In particular, climate change severely affects poor and vulnerable populations who live in marginalized areas with few or no alternate choices of livelihoods

Pact has collaborated in an extensive report that represents a synthesis and summary of frameworks for the monitoring and evaluation (M&E) of climate change adaptation (CCA) interventions, with a specific focus on international development projects and programs. 

The report provides practicioners a detailed synthesis of current adaptation M&E resources, frameworks and approaches for an easy identification of information and tools. Also, the report provides a brief analysis of the “state of play” of adaptation M&E guidance, identifying key themes and reflecting upon gaps and future priorities.

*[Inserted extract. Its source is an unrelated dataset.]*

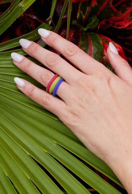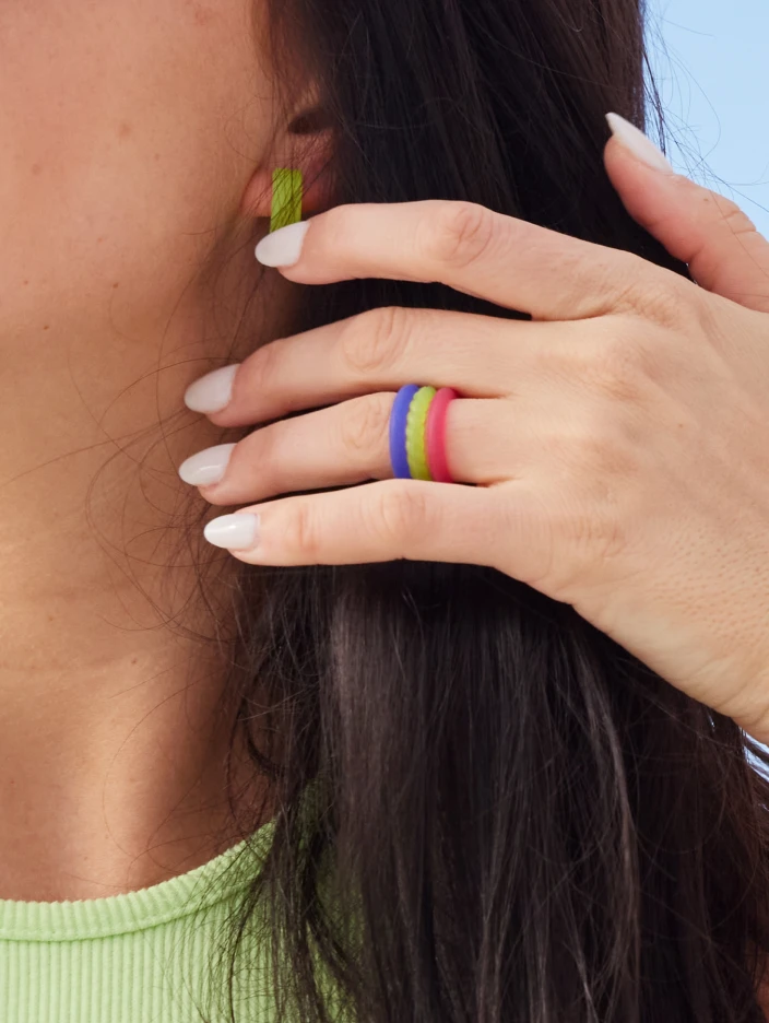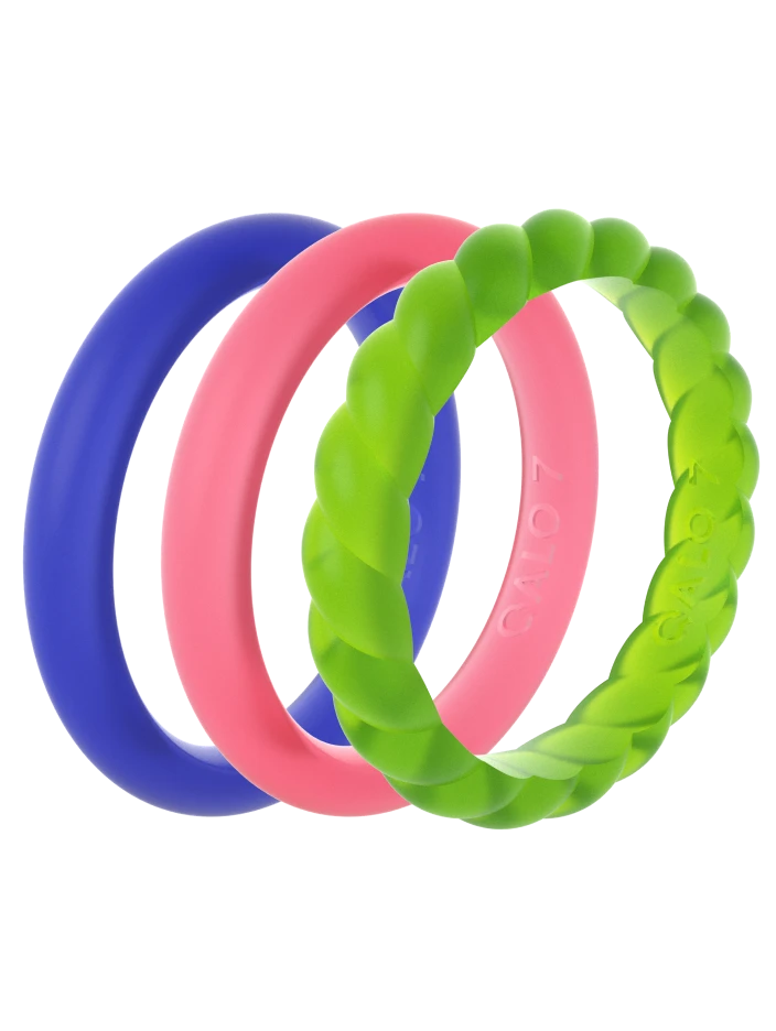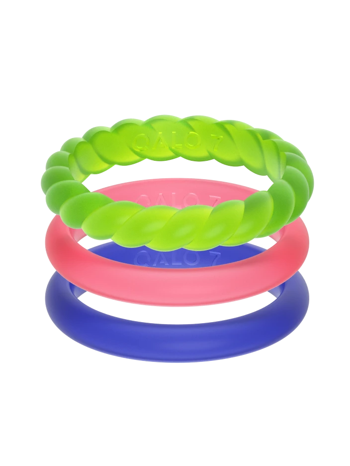 This triple stack includes two smooth silhouettes in translucent blue and pink, and one twisted silhouette in translucent lime green

About SEA Change Community of Practice: The SEA Change Community of Practice (CoP) was established to fill the gap in the Southeast Asia region regarding knowledge dissemination on the monitoring and evaluation (M&E) of climate change interventions. Founded through a grant from the Rockefeller Foundation, SEA Change has established a membership base throughout Asia and other parts of the world of 700+ individuals from 80 different countries and 200 different organizations. The CoP connects members from governmental institutions, foundations, private sector, NGOs, civil society and academic organizations. 

Originally initiated in the Southeast Asia region, SEA Change now focuses on the entire Asian continent and beyond. The operational focus is shifting from knowledge dissemination by means of newsletters, online resource library and webinars towards knowledge generation through working papers, speaking engagements, working groups and the development of e-learning materials.